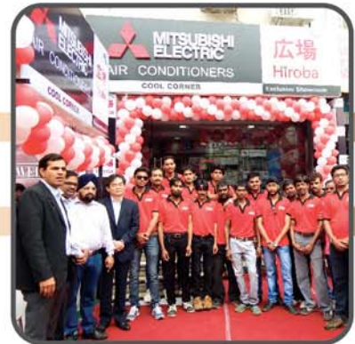
MEQ Hiroba (Exclusive Showroom): Cool Corner City: Indore Inauguration Date: September 5, 2014
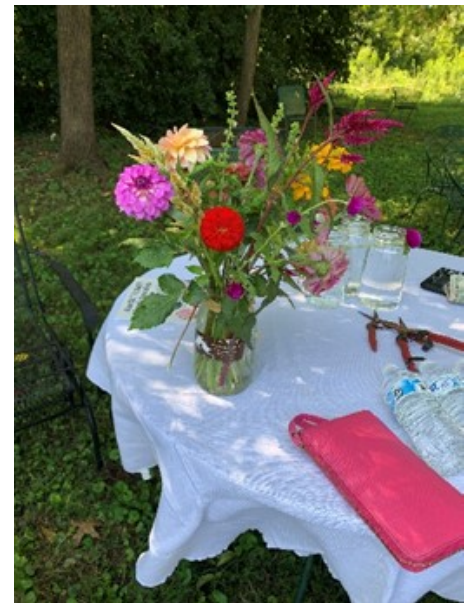
This was one of the floral arrangements made and taken home
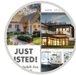
Custom Built In-House Marketing Program
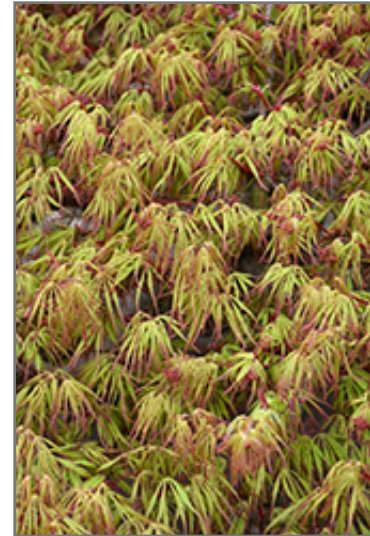
Spring Delight Japanese Maple foliage
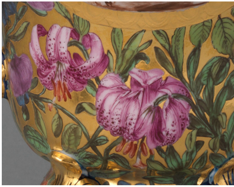
Figure 20. Detail of Figure 1 with pink lily.
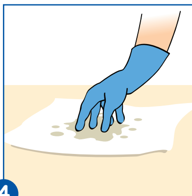
4 Blot with paper towel.
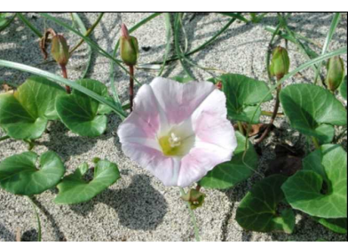
sea bells ( Calystegia soldanella )
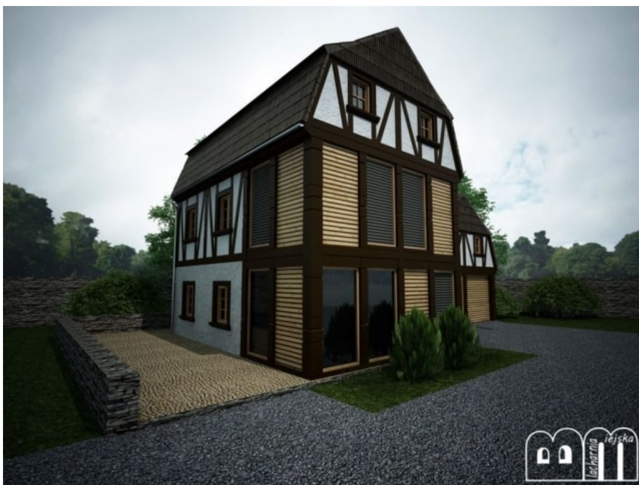
Nowoczesna forma domu przysługowego wg bM.

bM poszło trochę innym torem, nie skupiając się konkretnie nad samym układem funkcjonalnym pojedynczego domu, a bardziej nad stworzeniem domu wariantowego, którego forma, pojemność czy choćby sam wygląd i lokalizacja mogłyby być formą zmienną, zależną od danej sytuacji finansowej i demograficznej rodziny oraz własnych, określonych potrzeb jednostki. Upraszczając - założeniem było stworzyć taki dom, który w każdej chwili można rozbudować, zmodernizować, zmniejszyć czy choćby spakować w przysłowiowe paczki i przenieść w inną lokalizację, gdy życie nas zmusi do nieoczekiwanej przeprowadzki czy pogoni za pracą. Oczywiście skąd taki pomysł na mobilny dom - to sytuacja trudna do wyjaśnienia w kilku zdaniach. Trzeba by najpierw dokładnie zapoznać się z genezą domów przysługowych i ich dzisiejszą problematyką, a dopiero później próbować dyskutować czy taki pomysł ma szansę zaistnienia. Tak czy siak pomysł nie przypadł do gustu jury więc chyba nie ma o czym dyskutować. Poniżej nasza praca.

********************

**The task**
Read through the lines above and collect those that contain the string "forma".

**Expected answer**
Nowoczesna forma domu przysługowego wg bM.
bM poszło trochę innym torem, nie skupiając się konkretnie nad samym układem funkcjonalnym pojedynczego domu, a bardziej nad stworzeniem domu wariantowego, którego forma, pojemność czy choćby sam wygląd i lokalizacja mogłyby być formą zmienną, zależną od danej sytuacji finansowej i demograficznej rodziny oraz własnych, określonych potrzeb jednostki. Upraszczając - założeniem było stworzyć taki dom, który w każdej chwili można rozbudować, zmodernizować, zmniejszyć czy choćby spakować w przysłowiowe paczki i przenieść w inną lokalizację, gdy życie nas zmusi do nieoczekiwanej przeprowadzki czy pogoni za pracą. Oczywiście skąd taki pomysł na mobilny dom - to sytuacja trudna do wyjaśnienia w kilku zdaniach. Trzeba by najpierw dokładnie zapoznać się z genezą domów przysługowych i ich dzisiejszą problematyką, a dopiero później próbować dyskutować czy taki pomysł ma szansę zaistnienia. Tak czy siak pomysł nie przypadł do gustu jury więc chyba nie ma o czym dyskutować. Poniżej nasza praca.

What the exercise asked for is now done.